Книга Вырванное сердце - Алексей Сухаренко
Шрифт:
Интервал:
Закладка:
«Андрюшкина нога. И как он под кроватью оказался? А мать его бегает, ищет. Хорошо, что здесь не нашла, под кроватью. За вихры бы вытащила оттуда.
«…ля, что за говно?.. Гроб?! Нет… Слава богу, вроде дышу. У-е-ё. О что это я головой бьюсь тогда? Бутылка катилась, я слышал звук. А… вот полоска света. Надо ногой пошерудить… Блин, точно звук бутылки слышал. Пустой. Полная так не катится. У неё более приятный звук, глухой, благородный. А у этой никакущий был. И кто орёт все время как потерпевший?!»

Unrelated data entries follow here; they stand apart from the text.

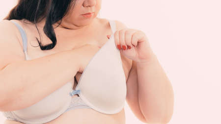 Plus size fat mature unrecognizable woman wearing bra, on white. Female breast in lingerie. Bosom, brafitting and underwear concept.
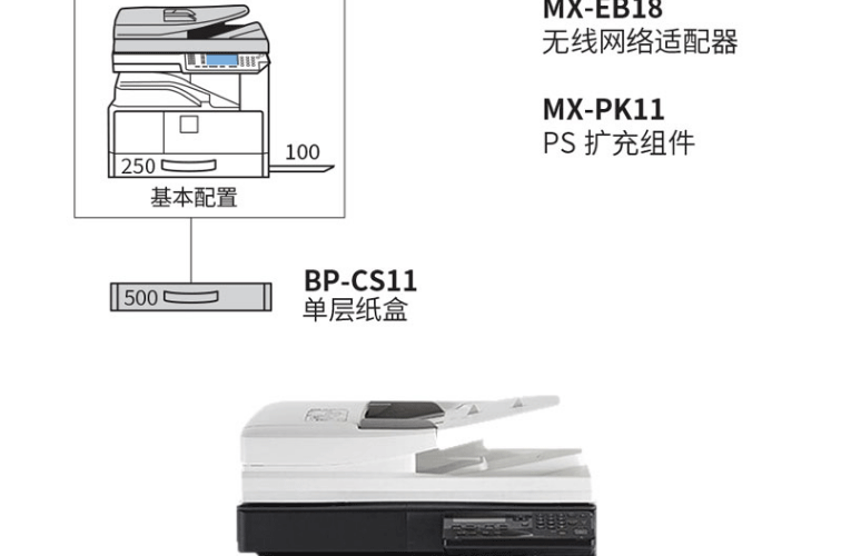 夏普 BP-M2522R 复印机 带输稿器 无线网络 双面打印 单纸盒
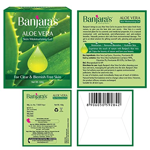 Banjara's Multipurpose Aloe Vera Moisturizing Gel with intense Moisturizing Formula, 100gm
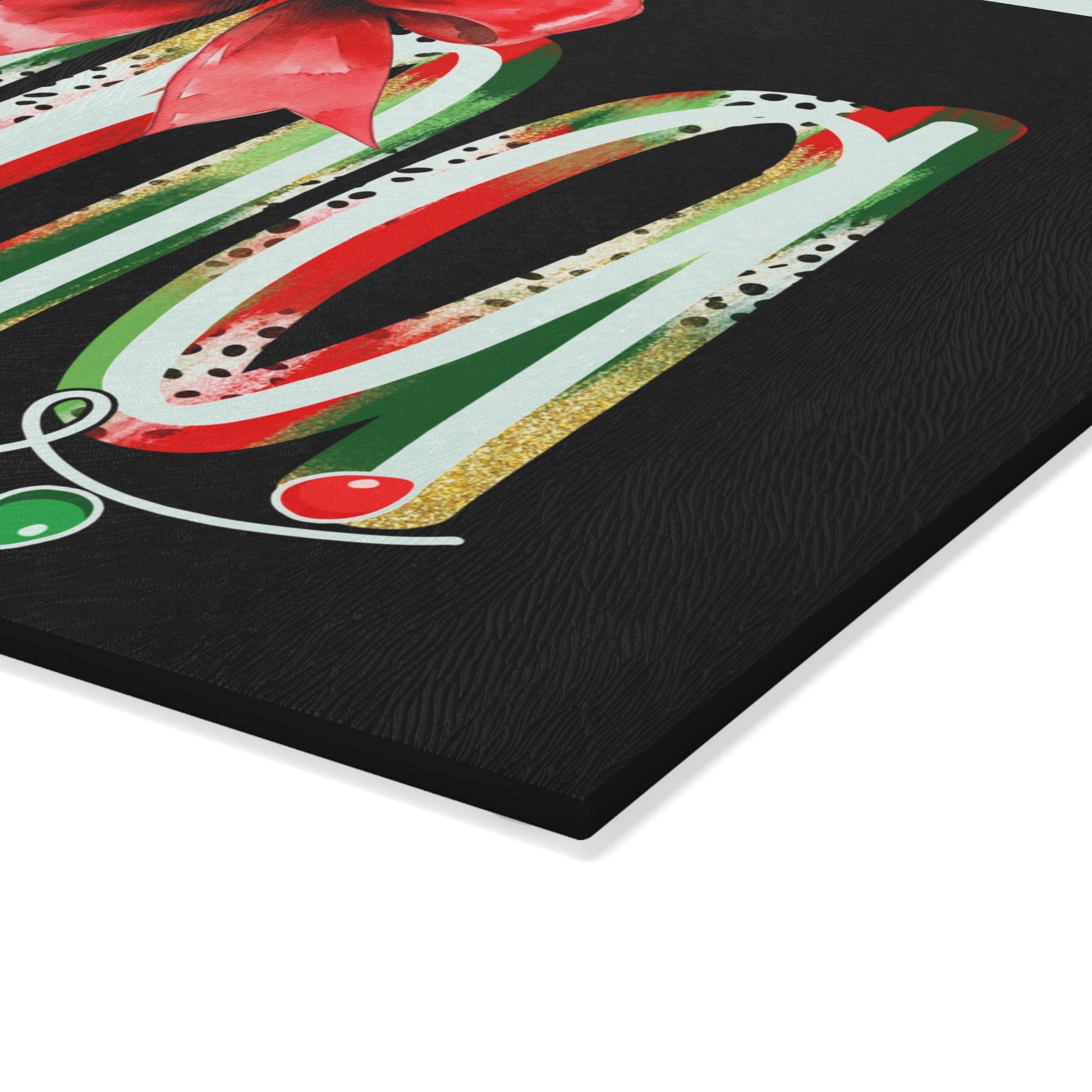 This tempered glass cutting board brings festive cheer to everyday kitchen prep. A bold, hand-painted style script sits against a deep background, accented with a watercolor red bow and a string of colorful holiday lights that glow with crisp, vibrant printing. The textured glass surface feels sturdy under knife work and stays more sanitary than wood or plastic. Four small rubber feet keep the board steady on counters while you slice, dice, or use it as a decorative serving surface for cookies and treats. Available in two sizes, it’s a bright, durable piece that blends seasonal charm with practical performance—easy to display and made to hold up to kitchen use when cared for by hand washing.
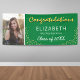 Célébrez la remise des diplômes avec style grâce à notre bannière de fête de graduation personnalisée! La bannière est ornée d'une toile de fond colorée personnalisable, d'une photo cinglante du diplômé, agrémentée d'une couche pétillante de parties scintillant. Avec le mot 'félicitations' écrit dans un script de l'ombre, avec le nom du diplômé, l'école et l'année de classe, cette bannière est la pièce maîtresse parfaite de toute célébration. Changez l'arrière - plan de vert vif à n'importe quelle couleur qui correspond à votre thème pour une touche vraiment personnalisée !
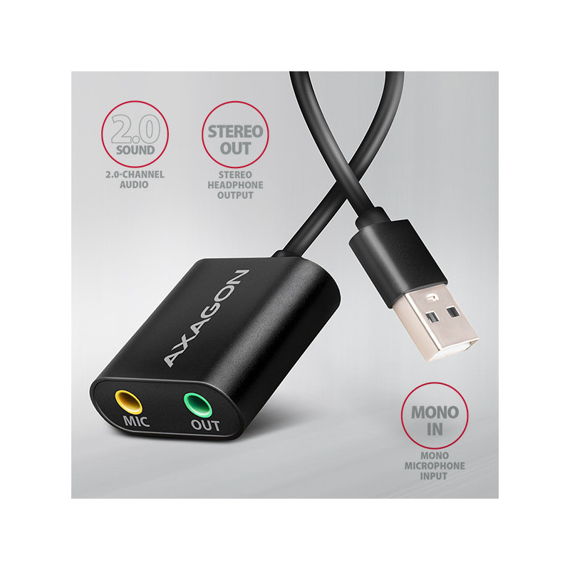 Zvuková karta je vhodná jak pro stolní počítače, tak pro notebooky a dovolí připojení sluchátek nebo aktivních reproduktorů a mikrofonu. Kovový obal adaptéru je vyrobený z hliníku a zajišťuje tak dokonalou mechanickou ochranu. Napevno uchycený kabel zaručí dostatečnou flexibilitu.
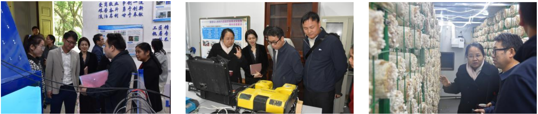 座谈结束后,调研团队实地参观了我院智能甘蔗切割机、水下航行器以及智能蘑菇方舱等项目。相关教师现场讲解了各个项目的研发历程、技术优势与推广应用情况,并重点介绍了其在助力农业现代化方面的实际成效。

Следом за первой ногой появилась вторая, без ботинка, а затем вылез и обладатель ног – сын Митрофановны, Андрей. Выбравшись из-под кровати, он уселся на пятую точку, опершись спиной на свое недавнее укрытие. Крутя взлохмаченной головой по сторонам, он явно пытался сообразить, в каком он месте.

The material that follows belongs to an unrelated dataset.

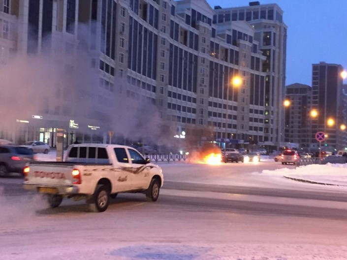Позже в пресс-службе ДВД Астаны сообщили, что в результате ЧП никто не пострадал. В момент возгорания в автомобиле никого не было. По предварительным данным, причиной возгорания стало замыкание электропроводки в моторном отсеке. Происшествие произошло на пересечении улиц Туркестана и Алматы. Во время пожара данный участок дороги был оцеплен полицией.
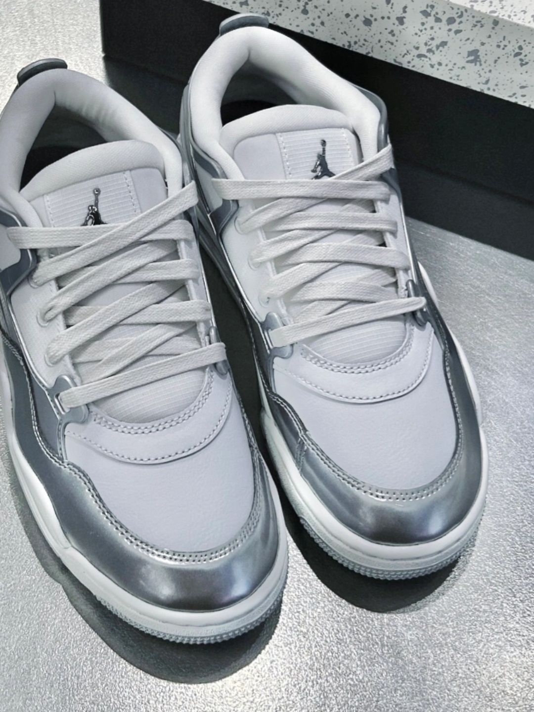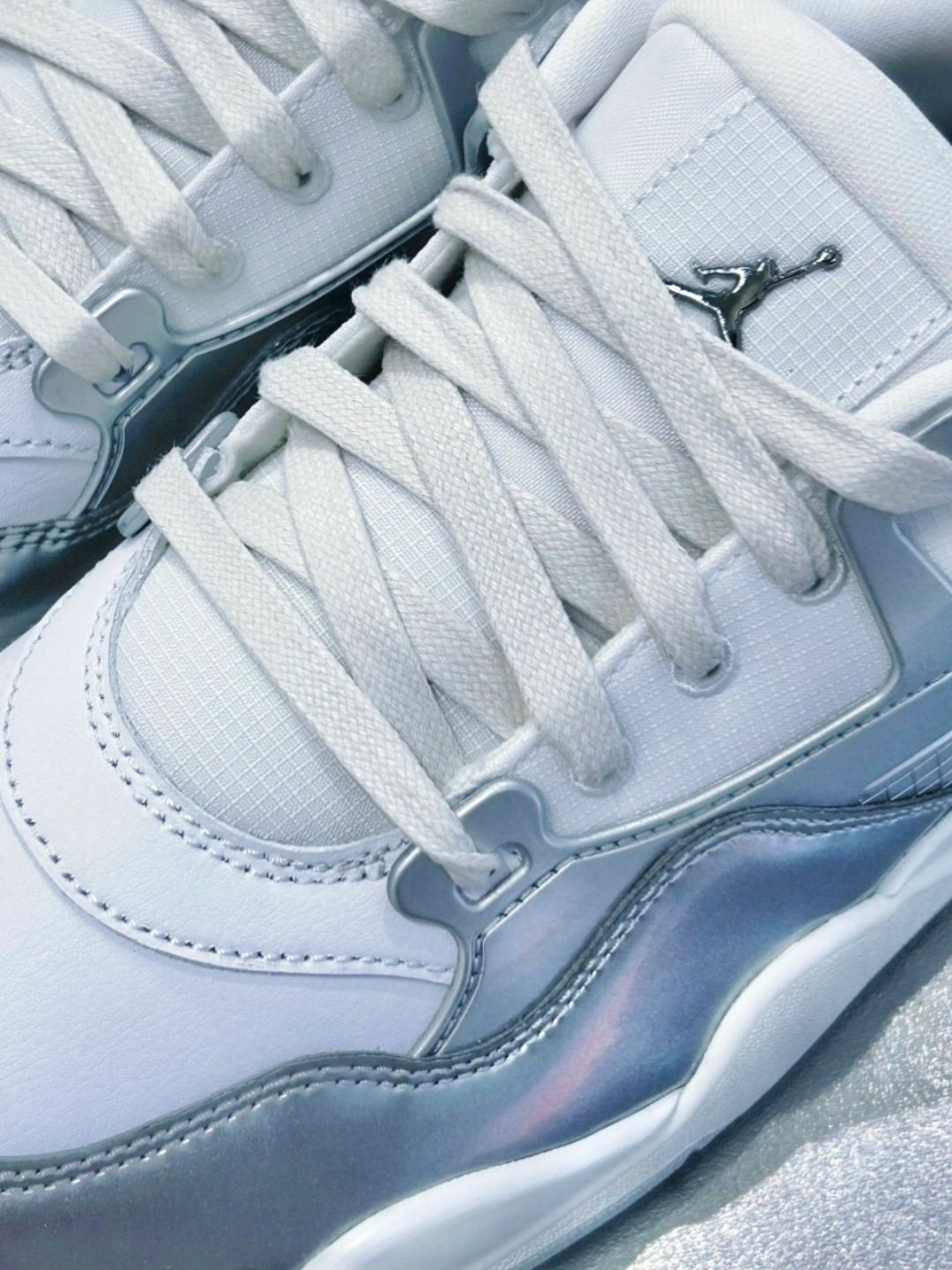 今天穿JordanAirJordan4RMWMNS“Chrome”出门😎~和朋友去咖啡馆喝冰美式,接着逛公园晒太阳☀️。我搭浅灰阔腿裤+白T+牛仔外套,朋友看到直夸:“这银闪闪的鞋好特别,回头率超高!” 鞋子是银白色金属质感,柔软皮革混合材质,透气不闷脚,走路时鞋底支撑感刚好,不会累脚。尺码很正,我37码穿刚好,瘦脚宽脚都适配✅。保养小技巧:白色部分脏了用橡皮擦轻擦就行🧼~ 你们平时喜欢用银色鞋子...

– Помоги, сердце, сейчас помру! – раздался громкий женский голос. Наконец его взгляд поймал лежащую женщину, и голова замерла, словно поломанный флюгер. Постепенно в его взгляде стала проявляться какая-то осмысленность, и наконец углы его рта разъехались в противоположном направлении.
«Вот кто меня опохмелит – эта старая олимпийская мумия. А чего она орёт как оглашенная? Блин, от этих воплей голова сейчас лопнет».

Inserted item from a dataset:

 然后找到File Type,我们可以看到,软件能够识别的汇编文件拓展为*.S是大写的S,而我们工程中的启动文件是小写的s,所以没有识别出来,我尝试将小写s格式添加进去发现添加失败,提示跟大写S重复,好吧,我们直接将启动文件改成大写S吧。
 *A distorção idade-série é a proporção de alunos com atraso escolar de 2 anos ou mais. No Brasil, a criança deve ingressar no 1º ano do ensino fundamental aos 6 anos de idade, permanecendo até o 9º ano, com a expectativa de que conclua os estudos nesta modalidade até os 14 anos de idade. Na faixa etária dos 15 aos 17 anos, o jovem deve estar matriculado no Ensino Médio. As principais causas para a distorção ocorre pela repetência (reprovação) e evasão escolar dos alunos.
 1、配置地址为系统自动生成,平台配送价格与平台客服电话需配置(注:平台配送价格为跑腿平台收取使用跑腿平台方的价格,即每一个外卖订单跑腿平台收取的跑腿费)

Он попытался встать, но давление в черепной коробке резко скакнуло и отдалось резкой, пульсирующей болью в висках.
«Во как стреляет, надо ползком, пока не «подстрелило». – Мужчина встал на колени и, словно остерегаясь меткого «выстрела снайпера», стал пересекать пространство комнаты.
– Баба Зин, хорош кричать, дай чего-нибудь выпить лучше.
– Лекарства дай, там на столе от сердца, капли, – протянула руку сердечница, указывая Андрею, что от него требуется, – накапай мне поскорее, мне очень плохо.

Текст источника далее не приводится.